11 Feb El rostro que me mira y que amo
¿Alguna vez te has parado a pensar en qué es lo que más te identifica? ¿Qué es lo que más identifica a cualquier persona? La respuesta es fácil, ¡el rostro!
Es increible lo que Dios puede hacer con «tan poco material», los millones y millones y millones de rostros que hay en el mundo, que ha habido y que habrá, y tan diferentes, tan diversos, con tanta vida original y única tras ellos.
Este fin de semana pasado reflexionábamos con un grupo de jóvenes sobre, entre otras cuestiones, nuestra manera de mirar.
¿Cómo miramos?, ¿qué miramos y qué evitamos mirar? ¿Cuándo retiramos la mirada?, ¿a quién?

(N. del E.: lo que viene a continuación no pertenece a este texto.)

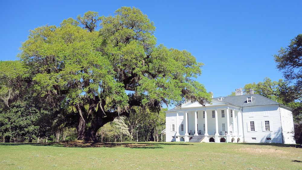 Die Hausherrin wollte die Eiche fällen lassen, wegen der Aussicht. Der zufällig anwesende George Washington sagte "Let the tree stand", und so rettete er die Eiche (der Legende nach):
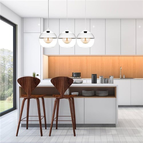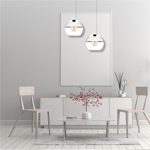 Lampa wisząca Thalin to uniwersalny model. Nowoczesna lampa o transparentnym, szklanym kloszu, który zachwyca lekkością i czystością formy. Jej wyróżnikiem jest dekoracyjny biały pasek – poziomy lub pionowy – który nadaje całości wyrazisty, graficzny charakter i subtelnie kontrastuje z przejrzystością szkła.
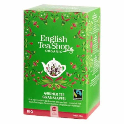 English Tea Shop's Your Everyday Tea Range consists of almost 30 tea blends that are carefully curated to suit your different moods and times of the day. Green Tea Pomegranate has a very sweet, fruity balance in a perfect way. This fruit also adds a punchiness to the green tea which makes it even more intense. A great fruity all around tea for multiple occasions. As fans of Mother Nature, we make English Tea Shop tea bags, boxes and outer packaging fully compostable. Our tea bags are staple free and sachets are recyclable.
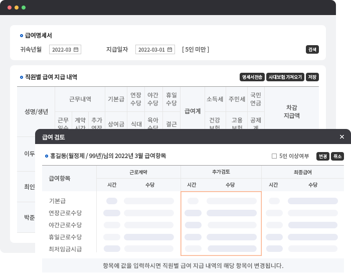 추가 근로시간만 입력하면 연장·휴일·야간근로수당 자동산출
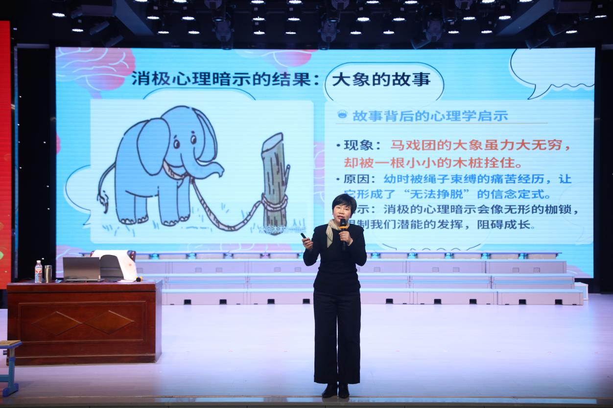 方老师用鲜活的故事和短片,把“心理暗示”“罗森塔尔效应”化作孩子们听得懂的悄悄话,并传授“定为—装为—成为”的成长秘诀。她说:“每一个孩子心里都藏着一颗太阳,信念就是把它叫醒的声音。”
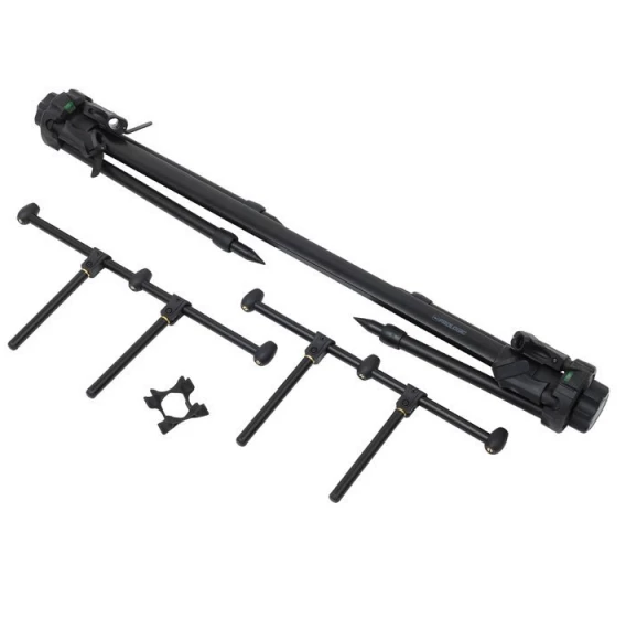 It is fully adjustable in both height and length and features a built-in spirit level so you can ensure your rods are always level.
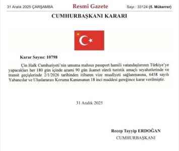31- دېكابىر تۈركىيە «رەسمىي گېزىت»تە ئېلان قىلىنغان، تۈركىيە جۇمھۇرىيىتى رەئىسى رەجەپ تايىپ ئەردوغاننىڭ ئىمزاسى بولغان 10798- نومۇرلۇق قارارنامىدە: «6458- نومۇرلۇق كۆچمەنلەر ۋە خەلىقئارالىق قوغداش قانۇنىنىڭ 18- ماددىسىغا ئاساسەن، 2026- يىلى 2- يانۋاردىن باشلاپ، جۇڭخۇا خەلىق جۇمھۇرىيىتى پۇقرالىرىنىڭ نورمال پاسپورت بىلەن تۈركىيەدە ھەر 180 كۈن ئىچىدە ئەڭ كۆپ بولغاندا 90 كۈن تۇرۇشى، ساياھەت قىلىشى ۋە توختاپ ئۆتۈشى ئۈچۈن ۋىزا تەلەپ قىلىنمايدۇ» دېيىلگەن. ئۇنىڭدىن بۇرۇن خىتاي پۇقرالىرى تۈركىيەگە بېرىش ئۈچۈن ئېلىكترونلۇق ۋىزا ئېلىشى كېرەك بولۇپ، بۇ خىل ۋىزا بىلەن تۈركىيەدە ئەڭ ئۇزۇن بولغاندا 30 كۈن تۇرغىلى بولاتتى.
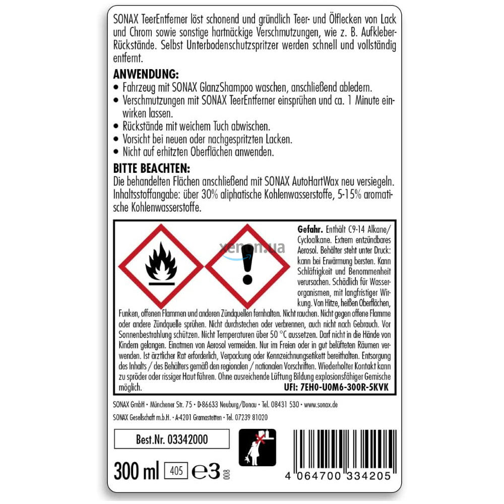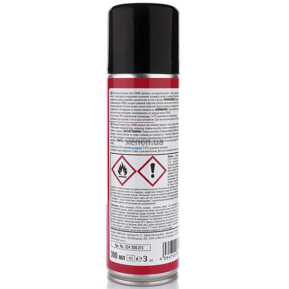 Средство для удаления битума SONAX Tar Remover (Teerentferner) 300 мл 334200 бережно и тщательно удаляет смолу и масляные пятна с лакокрасочного покрытия и хрома, а также другие стойкие загрязнения, например, остатки наклеек. Быстро и полностью удаляются даже брызги от защиты днища (битум, каучук, мовиль).
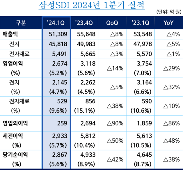 [알파경제=차혜영 기자] 삼성SDI가 올해 1분기 실적 발표하고, ▲매출 5조1309억원 ▲영업이익 2674억원을 기록했다고 30일 공시했다.
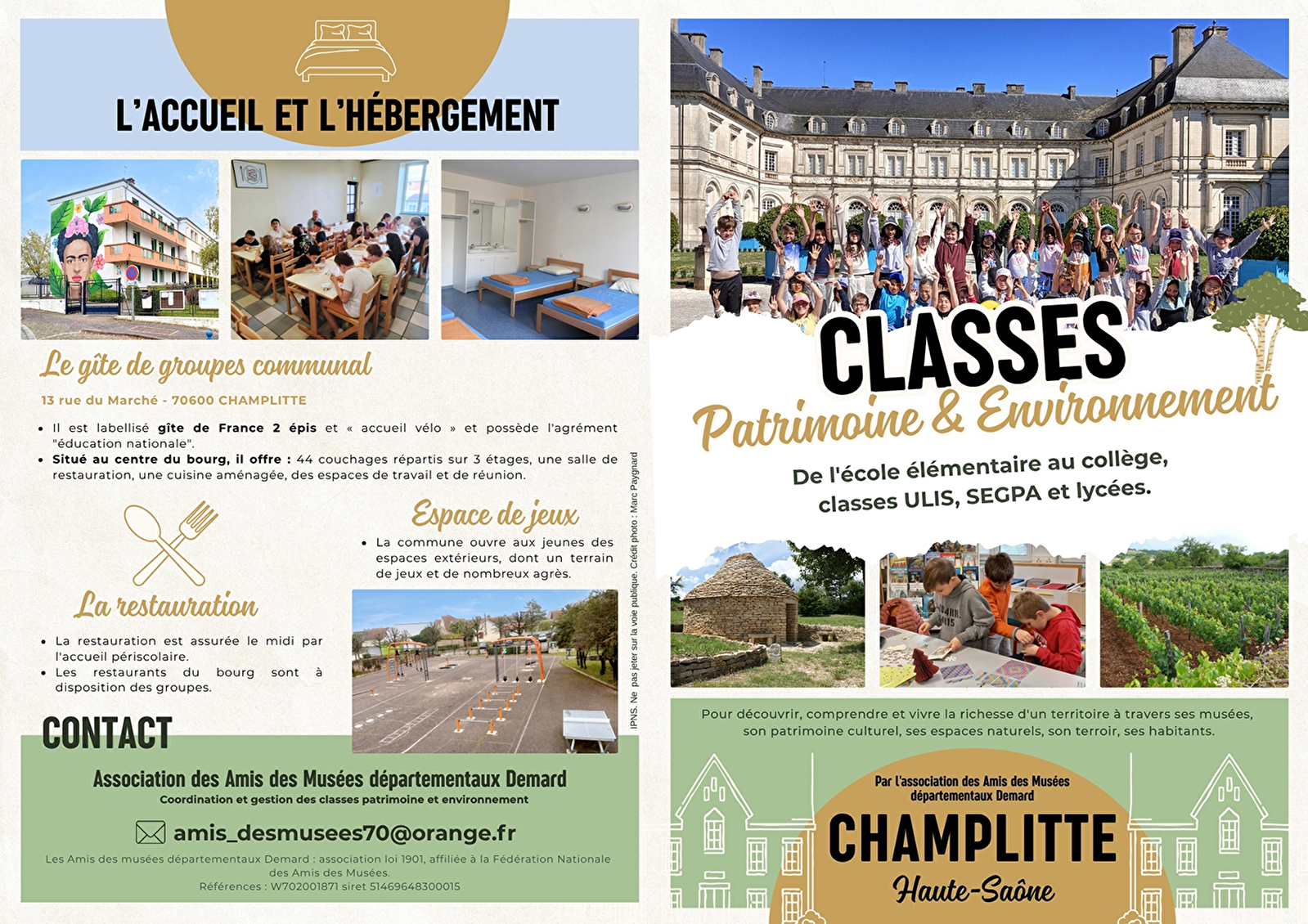 Les musées départementaux Demard proposent, en partenariat avec l'association des Amis des Musées, la possibilité pour les élèves et leurs enseignants de découvrir Champlitte et son patrimoine historique, scientifique, naturel et immatériel local sur plusieurs jours.
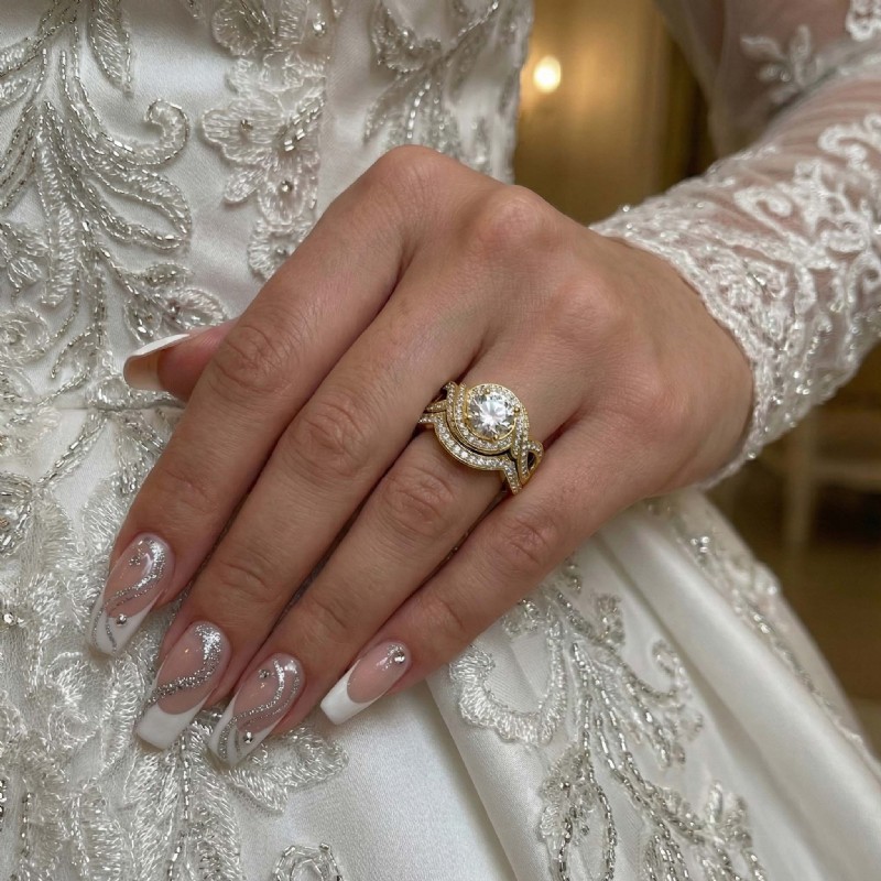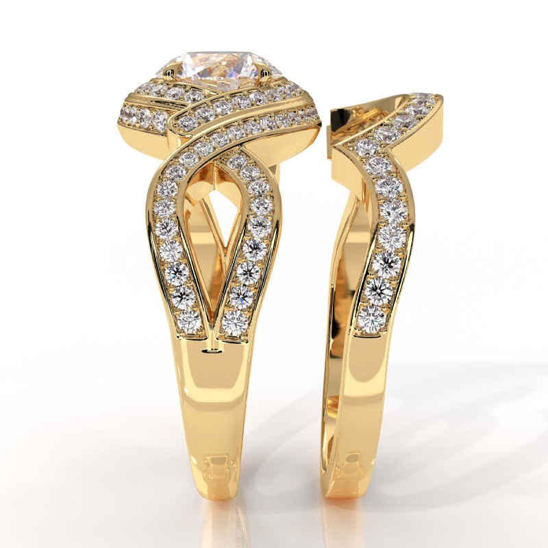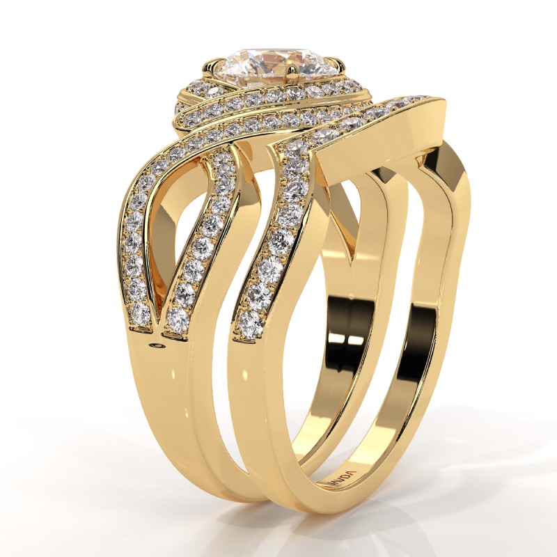 1.5Ct Diamond Bridal Set Curve Shank Ring Round Semi Mount 18k Yellow Gold.

Pero también, ¿cómo nos dejamos mirar?, ¿buscamos miradas en concreto?…
¿Cómo miraba Jesús?
Resulta curioso pensar que, siendo el rostro la parte de nuestro cuerpo por la que más fácilmente nos reconocen los otros, Dios, en su increible originalidad, no nos ha creado para que podamos verlo si no es con un espejo. ¿Por qué no podemos ver nuestro propio rostro? Quizás para que no nos pasemos el día contemplándonos. Puede que sea para evitarnos correr la misma suerte que Narciso, aquel personaje de la mitología griega que, enamorado de su propio reflejo en una fuente, quiso besarlo y murió ahogado.
Quizás Dios solo pretendía que mirásemos más el rostro del otro, de la otra. Así de sencillo. Caminar por la vida mirando rostros, contemplando con los ojos del alma, las historias que podemos leer en las caras de aquellas personas con las que nos cruzamos.
Rostros tersos, viejos o envejecidos, alegres, taciturnos, preocupados, ilusionados, joviales, duros, distraídos, enamorados, abiertos, herméticos, enrojecidos, orientales, negros, blancos, amarillos, jóvenes, nuevos,…
Y cada uno de esos rostros son el mapa para encontrarnos con Dios. ¡Cuántas veces acusamos la supuesta ausencia de Dios en nuestra vida!, y resulta que tenemos docenas de mapas vivos a nuestro alrededor que nos conducen a Él.
No puedo ver mi rostro, no sé bien cómo es, pero puedo ver su reflejo en la sonrisa que provoca la mía en el rostro de quien me mira.
Mirando a los demás aprenderemos a conocernos como Dios nos conoce.